After Grasshopper committed to the game's development, Suda invited Mikami, who by then had departed from Capcom and established himself as an independent designer, to participate as producer. Kurayami originated from Suda's fascination with the works of Franz Kafka, specifically The Castle, whose narrative setting he hoped to recreate within the video game medium. In Suda's intended storyline for the game, the protagonist explored during nighttime a fantastical town surmounted by a large castle, which served as the point of destination for the player's journey. Although many hostile creatures populated the mostly unlit areas of the game's world, the player character wielded a torch which allowed him to illuminate and traverse those environments. Sources of danger for the game's protagonist extended beyond the enemy beings, as Suda wanted to enable interaction between the player and the town's ordinary residents from which confrontations could arise. Horror mangaka Q Hayashida provided enemy designs for the game.

From this framework, Suda wanted to model Kurayamis aesthetics after the motif of "darkness", and hoped that the game would present the player with terrifying in-game scenarios by invoking "our natural fear of the dark and the creeping discomfort we feel when things are quiet and lifeless". To reinforce the visualization of those themes in the game, Suda planned to implement in Kurayami a specific variation of pixel shaders that would emphasize dark color tones of the game's graphics and mix textures with stylized effects. He credited this necessity as the impetus for his decision to develop the game for the PlayStation 3, as the platform's processing power aligned with Suda's expectations for the technology suited to deliver his envisioned visual technique.

Suda pushed Grasshopper Manufacture to reinvent its accrued design practices from Killer7 for the creation of Kurayami in order to provide players with an innovative interactive experience; at the same time, he sought to carry over his established directorial style into the game. Comparing the game to Killer7, Suda remarked that Kurayami employed an increased degree of player control over the protagonist and a greater focus on action-based sequences, features which he believed to be evidence of the gameplay's variability. The game's plotline was fashioned after a less linear template than that of Suda's past works, as he wanted to convey "a thought-provoking message, not one that I just pick out of thin air once development work begins or some utopian nonsense about earth peace". Whereas Suda mentioned that he had considered the idea for Kurayami extensively before the game's unveiling, at the time that the title was publicly revealed by Edge in May 2006, the development was in its earliest phase.

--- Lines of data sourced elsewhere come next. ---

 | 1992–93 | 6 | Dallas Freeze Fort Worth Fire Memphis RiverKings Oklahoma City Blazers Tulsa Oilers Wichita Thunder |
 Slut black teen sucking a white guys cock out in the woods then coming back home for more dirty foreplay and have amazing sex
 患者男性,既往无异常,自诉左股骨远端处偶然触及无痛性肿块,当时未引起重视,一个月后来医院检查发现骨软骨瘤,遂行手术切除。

By E3 2006, a publisher for Kurayami had not yet been established. In 2009, Suda revealed that his team did not work on the game over the preceding years due to their dense overall workload, and that the project's only assets comprised the designer's conceptual artwork that he showcased to Edge. Although at the time, Suda claimed that Grasshopper never decided to cancel Kurayami, the studio eventually abandoned the concept and restarted the production. Kurayami ultimately served the first incarnation of Shadows of the Damned. In 2008, Suda presented the game's concept to EA Games, who agreed to license the Unreal Engine 3 and to publish the game to a worldwide audience. Suda wanted to announce the game at E3 2009, but was not allowed to do so, due to a media silence agreement between Grasshopper Manufacture and EA Games. That December, Akira Yamaoka (sound designer for the Silent Hill series) left Konami after finishing his work on Silent Hill: Shattered Memories and joined Grasshopper Manufacture because he enjoyed the latter's game No More Heroes. Yamaoka began work as the sound designer for the game. The game went about five different versions until Electronic Arts approved it. The newly titled Shadows of the Damned was finally unveiled at the Tokyo Game Show in 2010 as an action game.

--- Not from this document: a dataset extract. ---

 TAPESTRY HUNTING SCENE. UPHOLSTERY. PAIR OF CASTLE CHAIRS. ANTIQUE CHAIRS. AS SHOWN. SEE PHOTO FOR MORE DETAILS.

Shadows of the Damned took three years to make, and the game design had gone through significant changes (five design drafts in total). Originally, Garcia was going to start out shirtless and without a gun. From there, he would gradually acquire weapons along the way and purchase clothes at stores within the game. However, Grasshopper was pressured by EA to have Garcia start with a gun because "westerners are about guns." In addition, Paula was originally designed as a little girl living in Garcia's gun that would hop around like a rabbit or flutter like a butterfly when her ability is needed; and this would lead to a prominent love story. Again, EA had these features removed because they did not understand the concept. EA informed Grasshopper that "there's this thing called an elevator pitch in America, and if you can't tell your story in the length of an elevator ride, Hollywood won't use it." This forced Suda to completely scrap all of his initial ideas, with Johnson replacing Paula's role and the game becoming akin to a fairy tale, like Lupin the Third: The Castle of Cagliostro or Princess Peach and Mario.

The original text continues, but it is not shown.